Sedimentary basins in arc-trench system as a high-sensitive recorder of oceanic plate motion

Abstract

The change of oceanic plate motion might be recorded in the strata of arc-trench system, because the difference of thickness is remarkable between the oceanic plate and the sedimentary bodies in the basin as shown in Fig. 1.
Plate motion during the least 42 Ma: JACKSON et al. (1975) presented the periodicitic changes of loci of individual shield volcanoes along the Hawaiian chain (Fig. 3a). They concluded that the Pacific plate has been subjected to oscillatory, but principally clockwise, rotations of horizontal stress components as shown in Fig. 3c. In this paper, it is presumed that the oscillatory curve in Fig. 3c means the periodicities of real rotational motions of the Pacific plate. The changing point (maxmum or minimum in the curve) between two torque is called "JACKSON episode".

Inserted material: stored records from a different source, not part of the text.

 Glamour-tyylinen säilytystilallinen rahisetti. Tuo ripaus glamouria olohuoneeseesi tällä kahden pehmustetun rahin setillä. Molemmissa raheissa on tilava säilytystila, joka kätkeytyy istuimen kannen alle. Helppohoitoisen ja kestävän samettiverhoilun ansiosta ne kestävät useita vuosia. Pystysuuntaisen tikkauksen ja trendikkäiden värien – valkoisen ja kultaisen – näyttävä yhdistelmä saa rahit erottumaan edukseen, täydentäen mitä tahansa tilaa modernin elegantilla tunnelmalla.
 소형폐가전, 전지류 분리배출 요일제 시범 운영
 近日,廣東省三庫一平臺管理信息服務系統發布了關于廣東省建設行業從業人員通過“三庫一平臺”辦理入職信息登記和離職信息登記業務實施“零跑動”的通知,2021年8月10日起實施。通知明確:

Plate motion during the least 175Ma: Relative motions during late Mesozoic and Cenozoic were calculated by ENGEBRETSON (1982) between oceanic and continental plates in the Pacific region based on the magnetic anomaly lineations, fracture zone trends and hotspots. MARUYAMA et al. (1982) presented the relative motion of the Pacific, Kula and Farallon plates with respect to Eurasia plate at the Japanese Islands (Fig. 13 (2)-(5)) using the ENGEBRETSON'S data.

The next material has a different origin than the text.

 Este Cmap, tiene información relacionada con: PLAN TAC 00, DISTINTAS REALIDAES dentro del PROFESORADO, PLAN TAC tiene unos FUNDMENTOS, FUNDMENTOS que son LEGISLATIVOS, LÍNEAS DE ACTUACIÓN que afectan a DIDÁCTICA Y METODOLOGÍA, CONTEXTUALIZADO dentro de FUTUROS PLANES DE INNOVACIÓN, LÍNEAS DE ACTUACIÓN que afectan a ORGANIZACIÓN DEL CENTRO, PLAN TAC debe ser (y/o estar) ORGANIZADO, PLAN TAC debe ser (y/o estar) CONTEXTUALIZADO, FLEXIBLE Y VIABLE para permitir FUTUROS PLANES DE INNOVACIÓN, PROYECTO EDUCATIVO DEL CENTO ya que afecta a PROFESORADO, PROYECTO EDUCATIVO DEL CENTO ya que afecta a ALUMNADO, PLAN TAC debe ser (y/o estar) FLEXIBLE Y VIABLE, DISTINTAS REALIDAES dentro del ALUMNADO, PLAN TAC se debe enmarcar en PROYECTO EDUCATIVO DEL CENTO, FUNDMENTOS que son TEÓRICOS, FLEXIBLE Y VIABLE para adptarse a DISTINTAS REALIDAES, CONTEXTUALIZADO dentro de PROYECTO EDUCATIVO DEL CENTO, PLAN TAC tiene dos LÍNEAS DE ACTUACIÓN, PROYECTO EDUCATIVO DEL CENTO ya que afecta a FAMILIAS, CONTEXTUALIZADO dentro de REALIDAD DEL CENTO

On the basis of these history of the plate motion, the various phenomena, such as igneous activities, tecton-ism, sedimentation and sea level change, are correlated and discussed for the Cenozoic and Mesozoic in the basins of the Japanese Islands which have precise chronologic discrimination. The JACKSON episodes of the changing time of the Pacific plate motion may correspond to the events of igneous activity (Fig. 4 (1) (2)), the change of stress field (Fig. 4 (3)) and the intensity of tectonism, such as the period of unconformity, deformation or movement (Fig. 6 (3), 9). JACKSON episodes also control the rise and fall of sedimentary basin, that is, the variation of sedimentation (Fig. 5-8), depositional rate (Fig. 7-9), hiatus (Fig. 6-8), subsidence (Fig. 7) and paleobathymetry (Fig. 8). Moreover, the same relationships can be obtained between the plate motion and geologic events for the long history in the basin. Grobal cyclic curve of relative sea level change proposed by VAIL et al. (1977) (Fig. 10) records the changes of plate motion (Fig. 12, 13). The cyclic curves can also explain some phenomena of transgression and regression, but not the intensity of the phenomena in the basins of arc-trench system.
The agreements among these episodic periods or events suggest that oceanic plate motion is the most important factor for the various geological phenomena in the sedimentary basin of arc-trench system. The images of the process, mechanism or effect are also presented for these relationships based on the plate motion.